Intense regulatory scrutiny by the government, the Reserve Bank of India (RBI) and an expert panel led by Y.H. Malegam appointed by the banking regulator brought these weaknesses to sharp focus. These include failure by state-run banks in management and monitoring of risk as well as its audits, the central bank informed a parliamentary panel led by Congress leader Veerappa Moily that tabled its report in Parliament in August 2018. The central bank also acknowledged certain gaps in its powers to regulate public sector banks.
Gatekeepers, including board members of the bank, auditors and the banking regulator, could not see the fraud happening, just as in the case of the distressed Infrastructure Leasing & Financial Services (IL&FS).
Ved Jain, former president of accounting rule maker Institute of Chartered Accountants of India (ICAI) said if a fraud of the size detected in PNB could take place, there was little assurance that another one cannot happen or has not happened in other banks.
According to RBI, none of the bank’s audit reports brought out the gaps in the processes followed at PNB’s Brady House Branch in Mumbai since 2011. Hence, directors on the board of the bank had no means to be aware of these irregularities as they banked entirely on the information provided by the management.
Nirav Modi’s lawyer Vijay Aggarwal declined to offer comments for this story.
“The board of directors of banks and their risk management committee should be held responsible for the fraud of such magnitude," said Jain.
PNB maintains the fraud was not the result of a systemic problem. “It was one of the people’s issues and it was happening in one of the branches. The moment this surfaced, we took corrective action. We started filing with the regulatory authority and we started filing with the investigation agencies," the bank informed parliamentarians.

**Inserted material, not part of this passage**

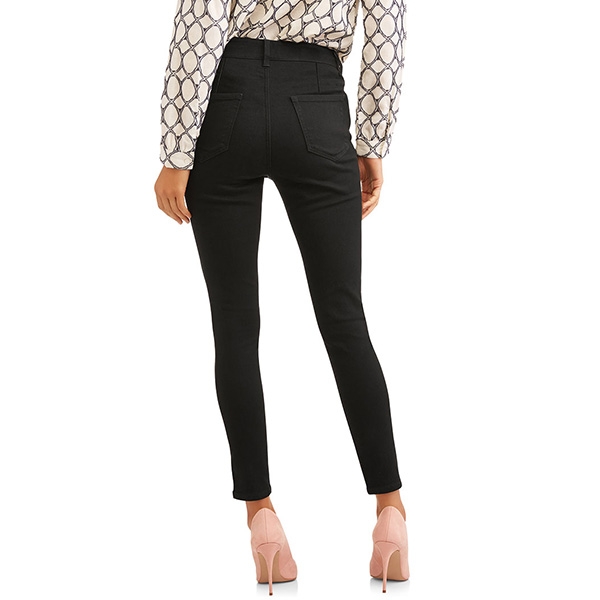 fabric with a hint of stretch in a high-rise silhouette, feature a zipper front with button closure,

The increasing number of bank frauds has led to bankers becoming very cautious in making lending decisions, said experts. According to RBI data, over 5,900 bank frauds involving over ₹32,300 crore were reported in 2017-18. Pavan Kumar Vijay, founder of advisory firm Corporate Professionals, said that lenders have become cautious after the fraud. “All banks should come together and work out a standardized process of giving loans," Vijay said.

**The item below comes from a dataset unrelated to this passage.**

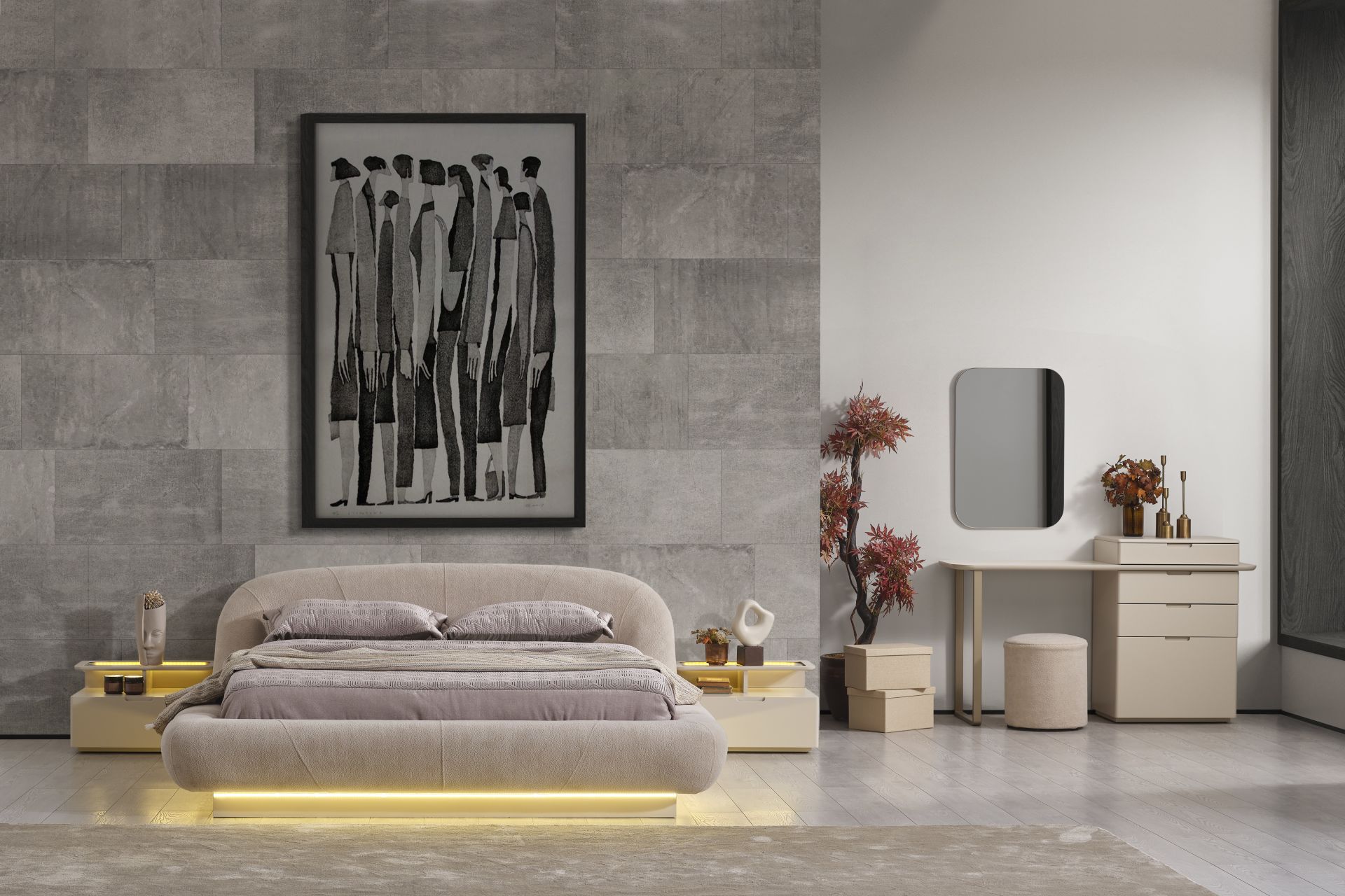 - Lizbon Yatak Odası , 1 Adet 6 kapılı dolap, 2 adet komodin, 1 adet bazalı karyola başlık, 1 adet Şifonyer ve aynasından oluştadır.

PNB is now getting back on its feet. It reported a net profit of ₹246.5 crore in the December quarter of FY19, recovering from three consecutive quarters of loss.
“The development is positive and we are happy about it," a senior PNB official said after news emerged about Nirav Modi’s arrest in the UK.
The PNB fraud also brought to light serious differences between the finance ministry and RBI about the regulator’s powers. The RBI holds that not all provisions of the Banking Regulation Act, 1937, applies to state-run banks, especially those relating to hiring and firing of chairmen and managing directors of public sector banks as well as in removing other managerial persons from office. The finance ministry, however, maintains that the central bank has adequate supervisory powers, including inspection of banks’ books and examining directors and other officers under oath.
Also, withdrawal of all loan restructuring schemes and a revised framework for resolution announced by the RBI in February 2018 had increased the transparency in the banking sector. Transparent reporting of bad loans and provisioning requirements has lowered the net profits of several state-owned banks in the first half of the current fiscal. Thirteen state-run banks reported a combined net loss of over ₹21,000 crore in the first half of FY19, compared to 11 reporting a combined net loss of over ₹6,800 crore in the same period a year ago, as per official data.